→ **Data excerpt**
* * * * *
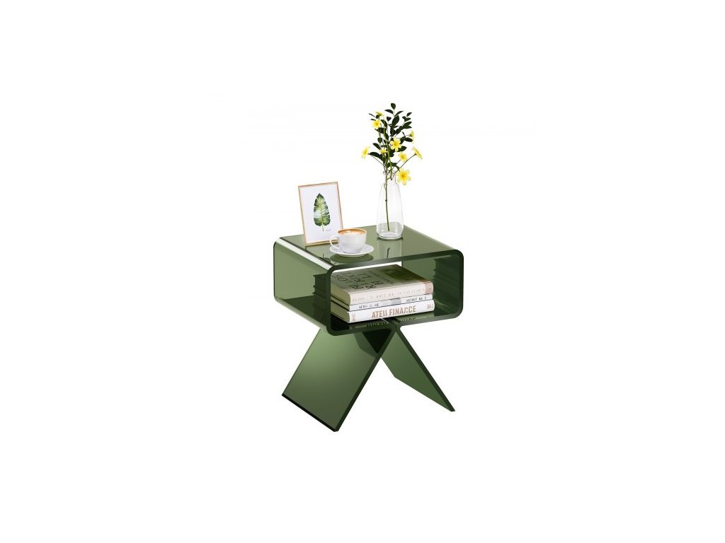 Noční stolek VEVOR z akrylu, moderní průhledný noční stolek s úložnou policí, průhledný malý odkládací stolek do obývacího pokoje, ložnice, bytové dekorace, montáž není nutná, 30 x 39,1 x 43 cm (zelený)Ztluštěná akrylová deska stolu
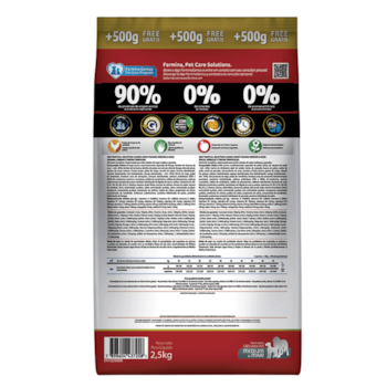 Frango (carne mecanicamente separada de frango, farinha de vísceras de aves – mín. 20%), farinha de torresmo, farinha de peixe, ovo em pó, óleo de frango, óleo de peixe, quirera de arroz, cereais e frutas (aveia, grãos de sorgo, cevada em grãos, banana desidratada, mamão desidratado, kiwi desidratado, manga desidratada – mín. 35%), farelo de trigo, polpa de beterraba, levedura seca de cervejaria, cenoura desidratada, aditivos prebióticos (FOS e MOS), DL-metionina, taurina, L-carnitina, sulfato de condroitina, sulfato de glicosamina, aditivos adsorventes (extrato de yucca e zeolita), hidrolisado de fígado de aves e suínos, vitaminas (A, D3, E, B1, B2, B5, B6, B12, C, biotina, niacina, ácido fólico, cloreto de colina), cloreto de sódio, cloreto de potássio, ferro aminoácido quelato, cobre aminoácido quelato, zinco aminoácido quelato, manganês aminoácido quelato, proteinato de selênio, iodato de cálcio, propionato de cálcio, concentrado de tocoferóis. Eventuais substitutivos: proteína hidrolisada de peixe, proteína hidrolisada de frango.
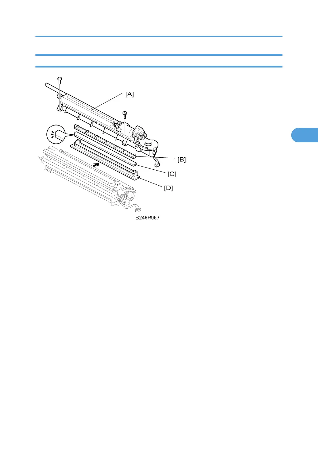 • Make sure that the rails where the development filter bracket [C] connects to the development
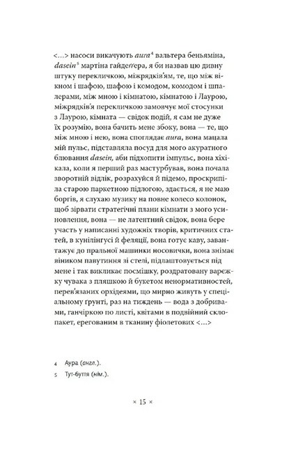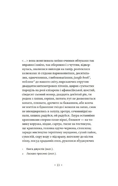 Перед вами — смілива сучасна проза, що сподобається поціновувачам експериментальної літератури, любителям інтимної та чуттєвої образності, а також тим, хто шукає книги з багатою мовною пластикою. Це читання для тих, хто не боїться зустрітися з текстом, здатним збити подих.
* * * * *
→ **What you should do**
All of the data above must be printed exactly, minus its pictures.

→ **Answer space**
 Noční stolek VEVOR z akrylu, moderní průhledný noční stolek s úložnou policí, průhledný malý odkládací stolek do obývacího pokoje, ložnice, bytové dekorace, montáž není nutná, 30 x 39,1 x 43 cm (zelený)Ztluštěná akrylová deska stolu
 Frango (carne mecanicamente separada de frango, farinha de vísceras de aves – mín. 20%), farinha de torresmo, farinha de peixe, ovo em pó, óleo de frango, óleo de peixe, quirera de arroz, cereais e frutas (aveia, grãos de sorgo, cevada em grãos, banana desidratada, mamão desidratado, kiwi desidratado, manga desidratada – mín. 35%), farelo de trigo, polpa de beterraba, levedura seca de cervejaria, cenoura desidratada, aditivos prebióticos (FOS e MOS), DL-metionina, taurina, L-carnitina, sulfato de condroitina, sulfato de glicosamina, aditivos adsorventes (extrato de yucca e zeolita), hidrolisado de fígado de aves e suínos, vitaminas (A, D3, E, B1, B2, B5, B6, B12, C, biotina, niacina, ácido fólico, cloreto de colina), cloreto de sódio, cloreto de potássio, ferro aminoácido quelato, cobre aminoácido quelato, zinco aminoácido quelato, manganês aminoácido quelato, proteinato de selênio, iodato de cálcio, propionato de cálcio, concentrado de tocoferóis. Eventuais substitutivos: proteína hidrolisada de peixe, proteína hidrolisada de frango.
 • Make sure that the rails where the development filter bracket [C] connects to the development
 Перед вами — смілива сучасна проза, що сподобається поціновувачам експериментальної літератури, любителям інтимної та чуттєвої образності, а також тим, хто шукає книги з багатою мовною пластикою. Це читання для тих, хто не боїться зустрітися з текстом, здатним збити подих.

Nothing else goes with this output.